The team wasn't deeply locked into proprietary services — most workloads ran on standard Kubernetes with open-source tooling. The database was PostgreSQL. Storage was object-compatible S3. This wasn't a cloud-native architecture problem; it was a cloud economics problem. They were paying managed service premiums for infrastructure they could operate themselves.
Beyond cost, there were structural concerns. Customer data spread across provider regions with inconsistent residency guarantees. GDPR compliance was met on paper, but the operational reality — limited audit trails, opaque data flows, shared tenancy — made the compliance team uncomfortable. And there was a harder question: what happens when a cloud provider reprices or deprecates a service?
The CTO had read Basecamp's cloud exit writing. It resonated. But they needed help designing, deploying, and migrating a production workload without dropping packets.
What We Did
Capacity Planning
Before touching any hardware, we mapped their existing workloads: pod resource requests versus actual consumption, traffic patterns, storage IOPS requirements, and realistic three-year growth projections. Cloud bills are a poor proxy for compute needs — managed services carry significant overhead and encourage overprovisioning. The actual workload fit comfortably within a cluster a fraction of the managed cost.

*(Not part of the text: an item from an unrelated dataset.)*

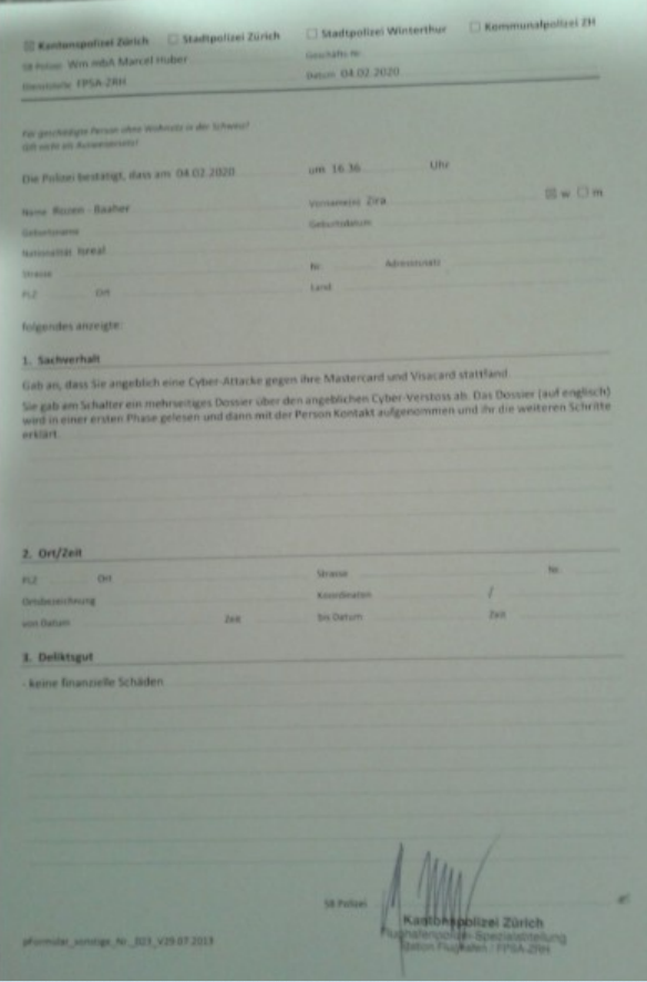 Complaint to Zurich Police, Switzerland - Viseca-Zürcher Kantonalbank Operation https://www.rozen-bakher.com/complaint-swiss

We profiled their production Kubernetes cluster for two weeks: CPU and memory usage per service, storage I/O patterns, network egress volumes, and daily/weekly traffic cycles. Peak load was predictable. Most services ran well below their requested resources. The data showed they were paying for capacity they didn't use.
We sized a 5-node cluster around measured peak load with 40% headroom for growth. EPYC processors, high-density RAM, and NVMe drives per node feeding Ceph directly. 51TB usable storage with 3-way replication. Enough for current needs, expandable without re-architecting.
Hardware Procurement & Deployment
The hardware decision was about reliability, not specs. Enterprise servers with full vendor support coverage — next-business-day onsite. Hardware failure at 3am is not a software problem; it needs a truck roll, not a Slack message.
We specified redundant power, out-of-band management, and dedicated network separation: management, VM traffic, Ceph storage, and live migration each on their own isolated paths. No single point of failure at the network layer. The hardware was racked and cabled by the colocation partner. We validated the physical layer before touching a config file.
ProxMox Cluster
ProxMox was the virtualisation layer. Not because it's fashionable — it isn't — but because it's operationally honest. No vendor lock-in, solid live migration, Ceph integration that works, and a community that documents failure modes rather than hiding them. The client's team would need to operate this for years. They needed something they could understand and fix.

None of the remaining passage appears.